According to the Bureau of Labor Statistics, unprecedented hiring of non-custodians in mortgage lending and brokerage continued last month.
Even with a slight downward revision to the September numbers, estimated employment in the industry remained incredibly high through at least October as home loan refinancing continued to rise due to low interest rates.
There were 350,100 people employed in the industry during the month, compared to 339,900 in September and 305,100 in October 2019.
The September hiring surge continued into October, when the total rose to 106,900 from 101,100 in September and 87,900 in October last year.
It remains to be seen whether this level of attitudes will be sustainable in the non-bank mortgage industry. So far, the surge in lender profits appears to outperform the cost of employment, but overall employment growth has slowed, which is reported with less lag than non-bank mortgage lenders. In addition to the housing market supply shortages and an additional fee for some refinancing starting in December, this could suggest that the extent to which origins and profits can grow may be limited.

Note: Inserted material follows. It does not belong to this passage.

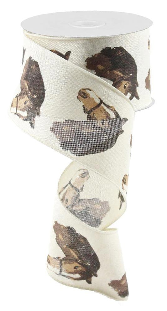 Wired Ribbon * Horse * Cream and Brown * 2.5" x 10 Yards Canvas * RG01655C2

"The November Employment Report shows a sharp slowdown in employment growth as total non-farm employment climbed to 245,000 and the unemployment rate fell to 6.7%. This is not in line with consensus estimates and still leaves a deeper hole than the worst the Great Recession, "said First Deputy American Chief Economist Odeta Kushi emailed a press release on Friday.
The increase in total employment in November is less than 638,000 in October last year and 261,000 in November last year. Unemployment fell slightly from 6.9% in October. Due to a classification error, unemployment may have been undervalued by 0.4 percentage points or less in October and November. In November last year the unemployment rate was 3.5%.
Despite the relatively higher overall unemployment rate, Kushi says it is possible that mortgage jobs will remain immune to the broader market squeeze.
"The only major sector showing immunity to the economic impact of the coronavirus is the real estate market, which has rebounded strongly in a V-shape," she said. "This is mainly due to the fact that this is a service-related recession that disproportionately hurts younger, lower-paid tenants who are less likely to be homeowners or home buyers."
Although limited housing supply, as well as the fee for some refinancing loans, could limit growth in the mortgage market, increases in housing employment could indirectly lead to origination growth.
“Jobs in residential construction initially recovered strongly from the low in April and are continuing the slow rise to pre-pandemic levels. In the latest report, residential construction jobs are up nearly 0.2% month-on-month and are only 0.7% below February levels, ”said Kushi.